The race to find the world's fastest man in Sydney may provide the closest finish at an Olympics.

Only 19 men have run under the magical 10-second mark. Eight of them will be trying to earn one of the eight lanes for the final of the 100 metres.

Likely starters
are the current world record-holder Maurice Greene, whose 9.79s robbed Ben Johnson of his tainted claim to fame as fastest ever, drugs or not; Olympic champion Donovan Bailey whose 9.84s record Greene broke, Bailey's 9.88s the fifth-best this year; Commonwealth Games champ Ato Boldon with 9.88s; Obadele Thompson from Barbados, PB 9.87s; Bruny Surin from Canada, second at the world champs in Seville last year and Nigerian Francis Obikwelu, third; Darren Campbell from Britain and American Tim Montgomery.

There's a slim chance of a white boy from Down Under standing out in what will otherwise be all-black field. Aussie Matt Shirvington, at 22, will easily be the youngest in this game where the power that comes with physical maturity is all-important and experience counts. He ran 10.03 at the Kuala Lumpur Commonwealth Games final and is billed as likely to be the first white man under 10 seconds (Pole Marian Worodin ran 10 flat in 1984, but no other Caucasian has bettered it). Shirvington owns the personalised plate "Sub 10," ready for his car once he's done it.

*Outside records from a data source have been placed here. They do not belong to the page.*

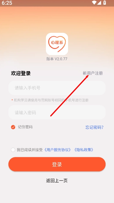 要是第一次使用,你可以点击“新用户注册”,按照页面给出的提示填写好相关信息,完成注册之后,就能开始浏览课程和心理方面的内容了。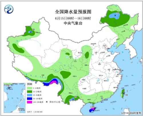 6月15日08時至16日08時,內(nèi)蒙古東北部、海南島等地有較強降水。內(nèi)蒙古東北部、黑龍江中西部、新疆伊犁河谷、四川西部、西藏東南部、云南西北部和南部、廣西南部、雷州半島、海南島以及臺灣中東部等地有中到大雨,其中,西藏東南部、海南島中北部等地的部分地區(qū)有暴雨,局地大暴雨(100~120毫米),上述局地將伴有短時強降水、雷暴大風或冰雹等強對流天氣。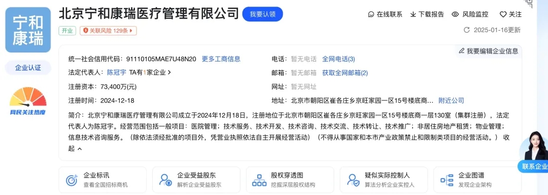 2024年12月,北京宁和康瑞医疗管理有限公司的新企业成立,该公司由抖音集团(香港)有限公司全资子公司——北京字跳网络技术有限公司全资持股。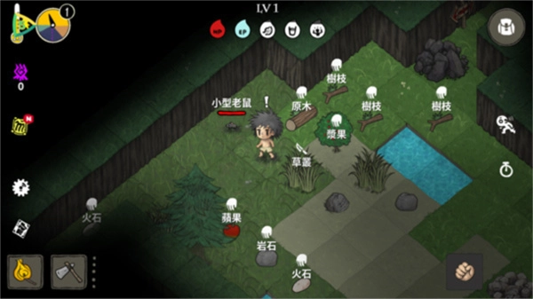 4、通过点击式来进行移动来收集道具,食物和装备等;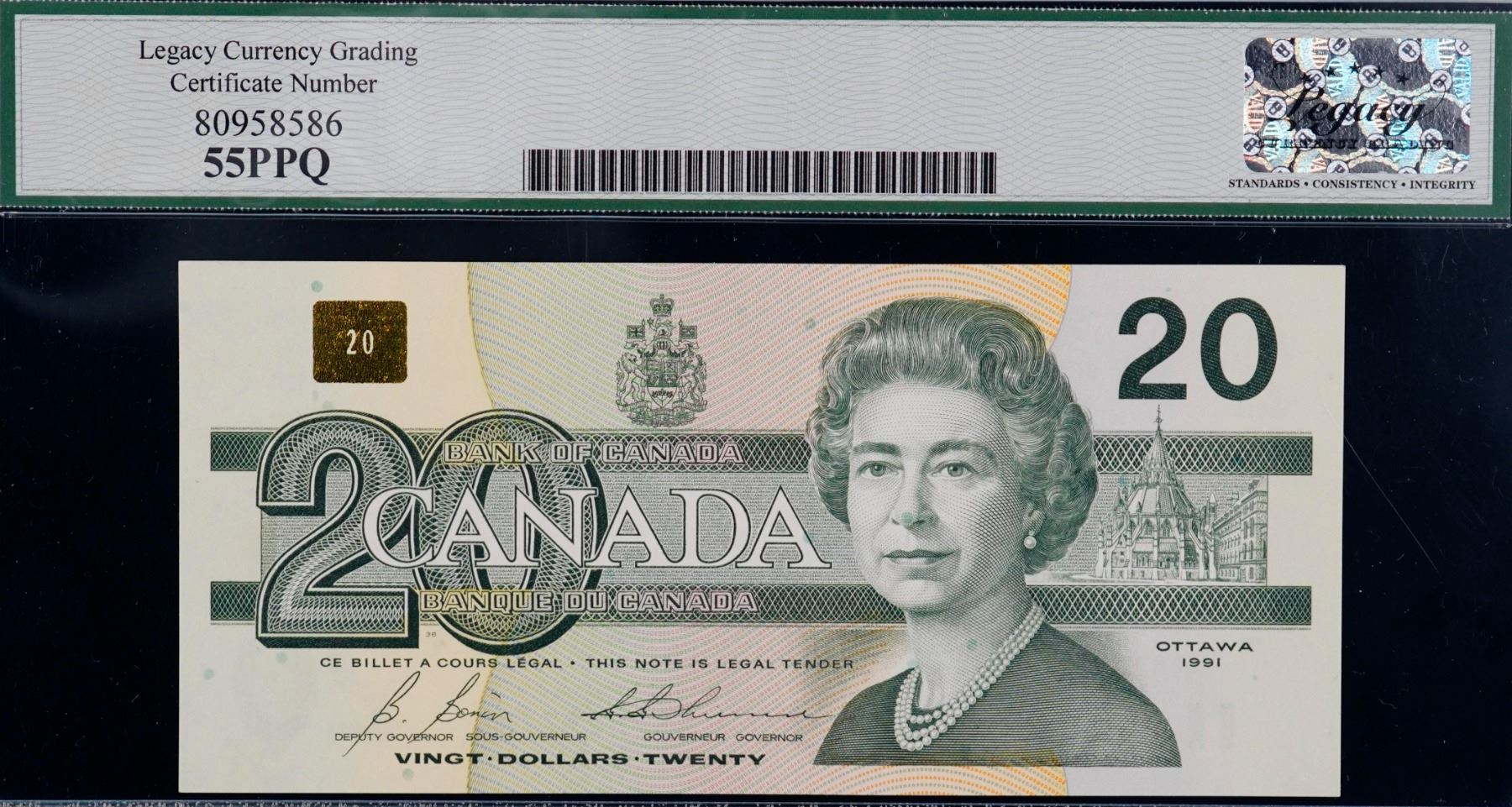 The cataloguer has taken every reasonable measure to ensure that all of the lots in this sale are as described and genuine. All raw coins and banknotes have been graded by the cataloger or the auction house which represent our best professional opinion. To grade coins and banknotes, we use Canadian grading standards, 42 years of experience and good conscience. However, grading is a subjective description in the opinion of the cataloger or the auction house. Among experts there are often differences of opinion on the grading and the eye appeal of a coin. The strike and the state of preservation are often debated. The Canadian Numismatic Company acts as an agent between consignors and buyers. The Canadian Numismatic Company does not guarantee that any coin or banknote cataloged will meet the standards, or the grade, of any third party grading companies. No warranty, whether impressed or implied. Items are as is, no warranty given. We cannot accept responsibility and waive all liability resulting in financial losses, and or incidentals accruing from the sale of any items, nor can we guarantee that items graded by third party services will grade the same if submitted to a different grading service or re-submitted to the same company. Statements by The Canadian Numismatic Company regarding the condition, the eye appeal, the strike and the population of items are for guidance only. All lots offered are sold "AS IS". Title to all lots remains with the auction house until paid for in full by the purchaser. But they are held at the risk of the purchaser once the time of the sale.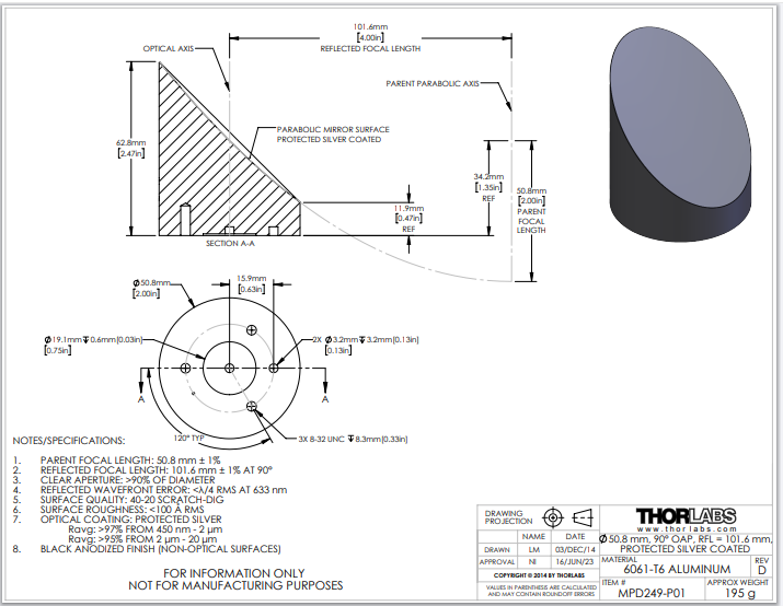 Thorlabs索雷博 MPD249-P01 90°离轴抛物面反射镜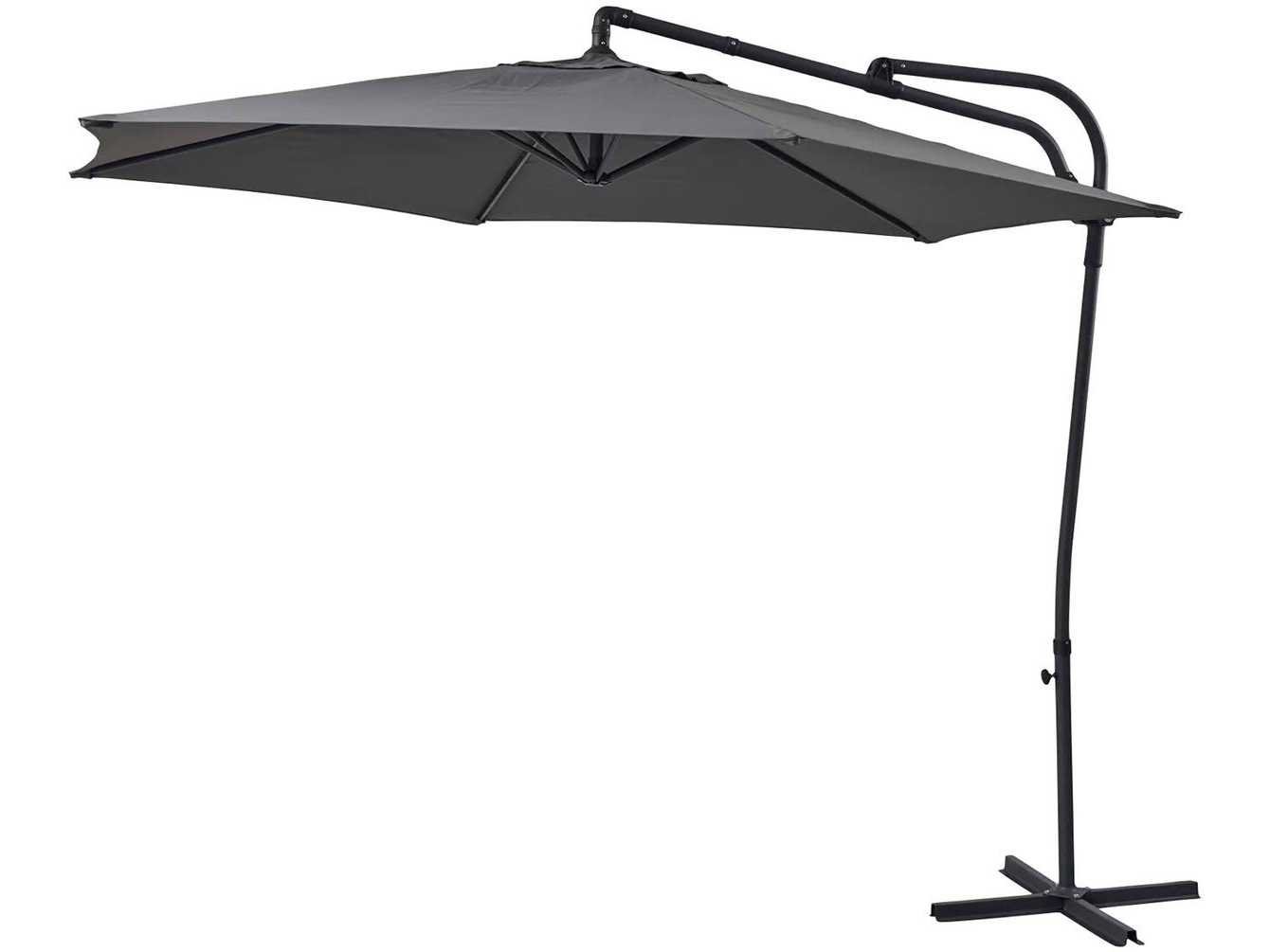 Zwevende parasol met draaibaar handvat en push-up systeem: makkelijk te openen en te kantelen Modern aluminium frame Grijs polyester stof met UV30+ bescherming Non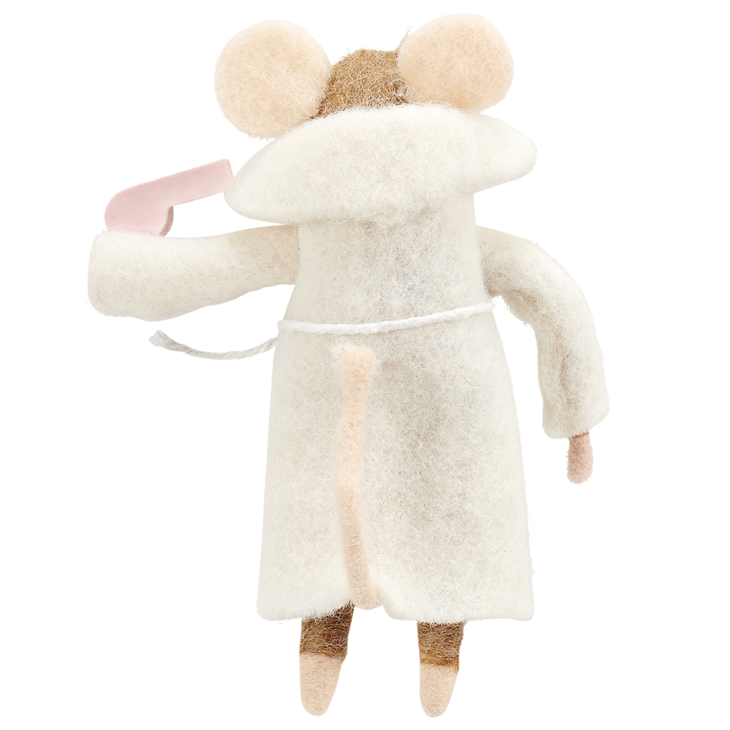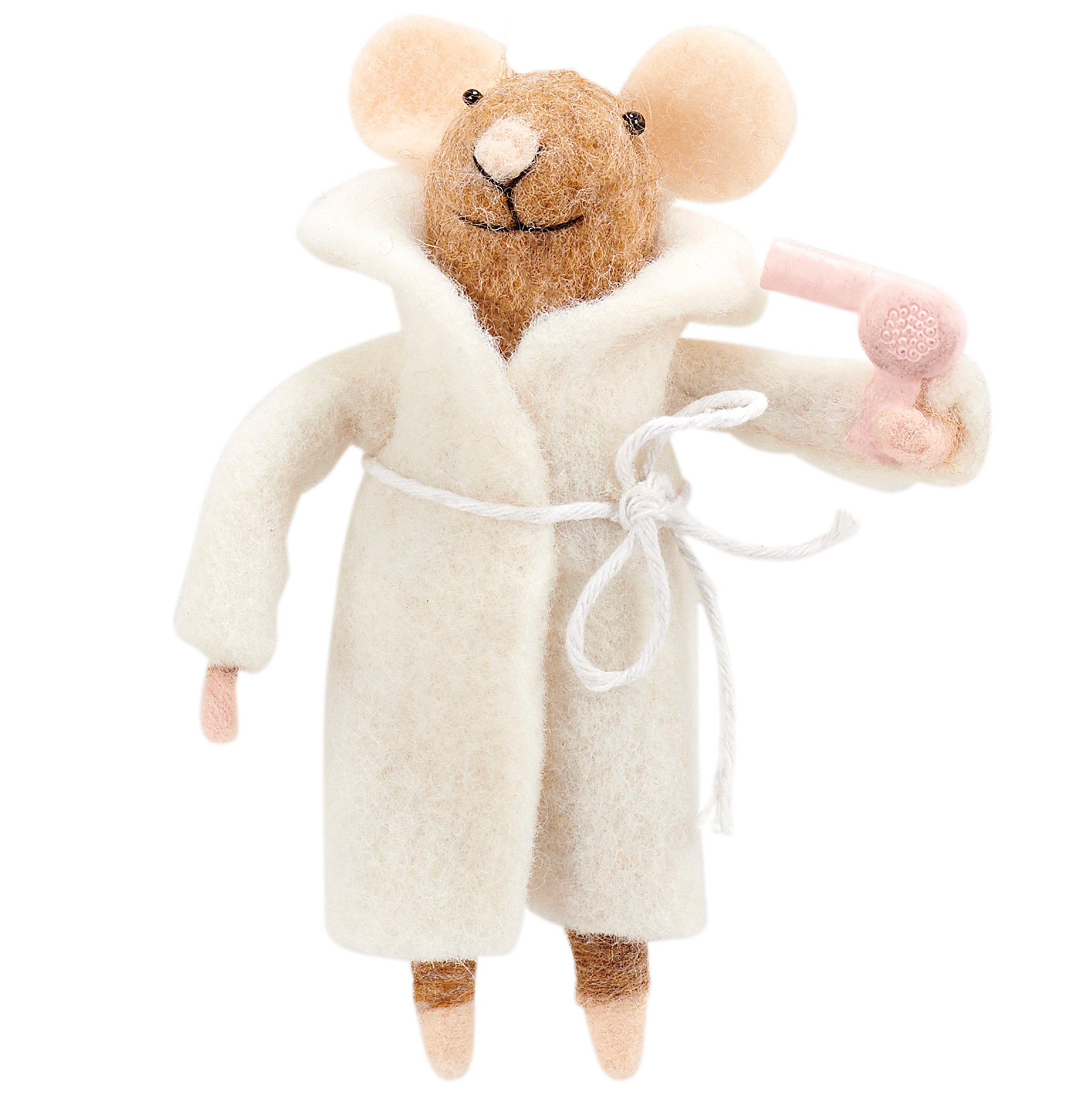 A felt critter from our Bathroom Collection displaying a happy mouse with a bathtime inspired design perfect for adding character to any bathroom. Mouse critter features cute accents including a felt bathrobe with string tie and a pink hair dryer in their hand. Our Hair Dryer Mouse critter is designed to free-stand on flat surface for display. Contains small parts; this is not a toy. A fun everyday home accent to display alone or as a collection with other critters.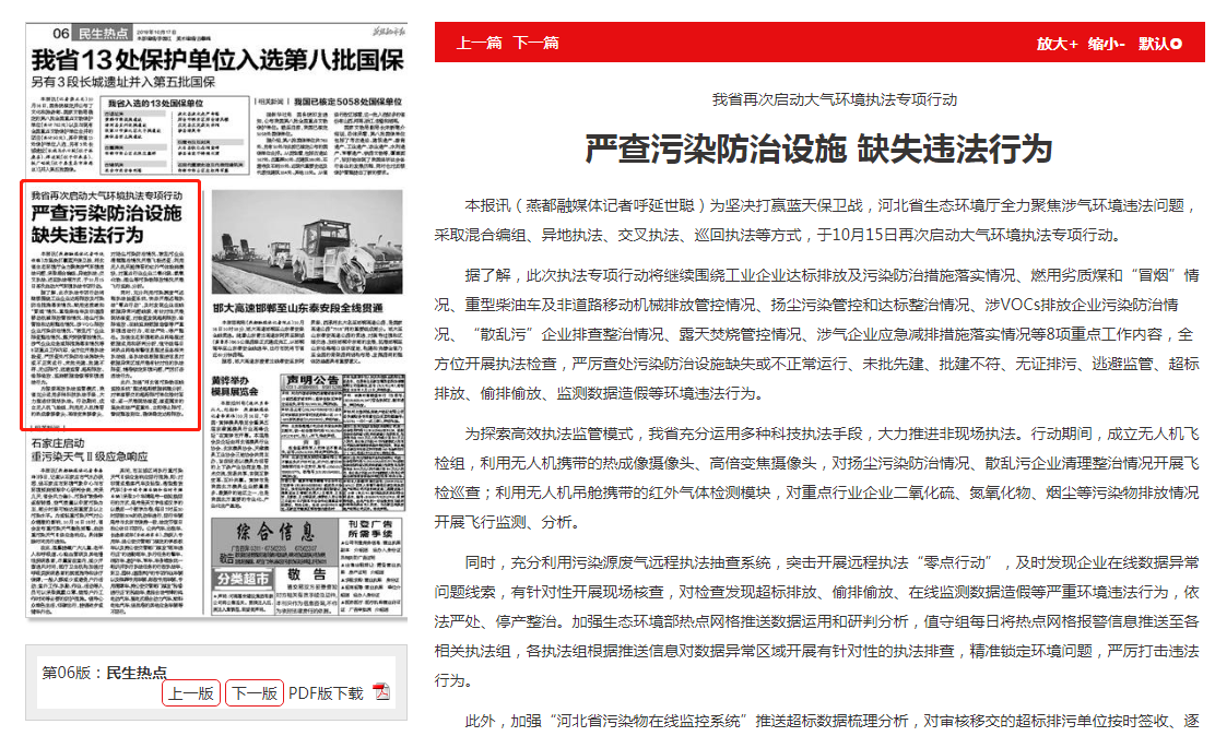 此外,加强“河北省污染物在线监控系统”推送超标数据梳理分析,对审核移交的超标排污单位按时签收、逐一开展现场核查,核查属实的坚决依法严查重处,立即停止排污,督促整改到位,确保稳定达标排放。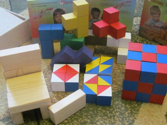 Для развития конструктивной деятельности и интеллектуально-творческих способностей можно использовать развивающие игры серии «Кубики Никитина». В серию входят игры: «Сложи узор», «Сложи квадрат», «Уникуб», «Кирпичики», «Кубики для всех», «Логические кубики» и др. Работу с кубиками рекомендуется начинать с наборов «Сложи узор» и «Сложи квадрат», а затем постепенно добавляются новые наборы, например, «Уникуб».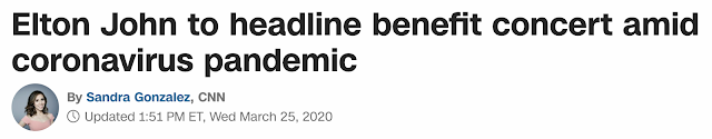 A ‘Coronavirus Pandemic’ benefit concert on March 29, 2020, headlined by Elton John? I wonder how they came up with this idea…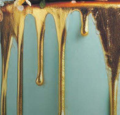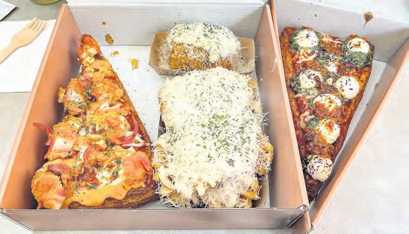 nü-Angebot wäre somit eine Ersparnis von 2,60 Euro gegenüber den Einzelpreisen. Dazu bestellen wir noch ein einzelnes Slice, das Mozzarella Mediterrana, für 9,90 Euro. Insgesamt sind beide „Schnitten“ ganz schön mächtig. Sie bestehen aus Blätterteig, der nicht so zartfedrig ist, wie man ihn von Croissants kennt. Tatsächlich ist der dreieckige, knusprige Teigling sehr hoch, dick und kompakt. Als „Boden“ schmeckt er gut und ist auch nicht so fettig wie befürchtet. Getoppt wird er einmal mit einer Mischung aus Cashew-Kernen, eingelegten roten Zwiebeln und in knuspriger Panade ausgebackenen Chicken-Bites mit pikanter Sriracha-Mayo. Auf dem anderen Slice befinden sich MozzarellaKugeln, Tomatensoße und Pes-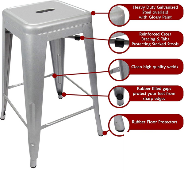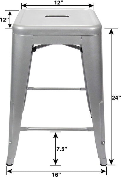 New UrbanMod 4 PACK of 24 Height 330lb Capacity Grey Kitchen Counter Chair Island Outdoor Industrial Galvanized Metal Bar Stools, Silver! Retails $275+

The winner will be black. And judging from past performances at the Olympics, which sprinters regard ahead of world championships, a lowering of Greene's record is likely. Jesse Owen's winning time in Berlin in 1936 was 10.3s; Carl Lewis ran 9.99 at Los Angeles; at Barcelona Linford Christie was the only runner under 10s with his 9.96; Bailey ran 9.84s at Atlanta in a field with four runners under 10s; Greene's world record is 9.79s, the same time drug-powered Ben Johnson ran in Seoul.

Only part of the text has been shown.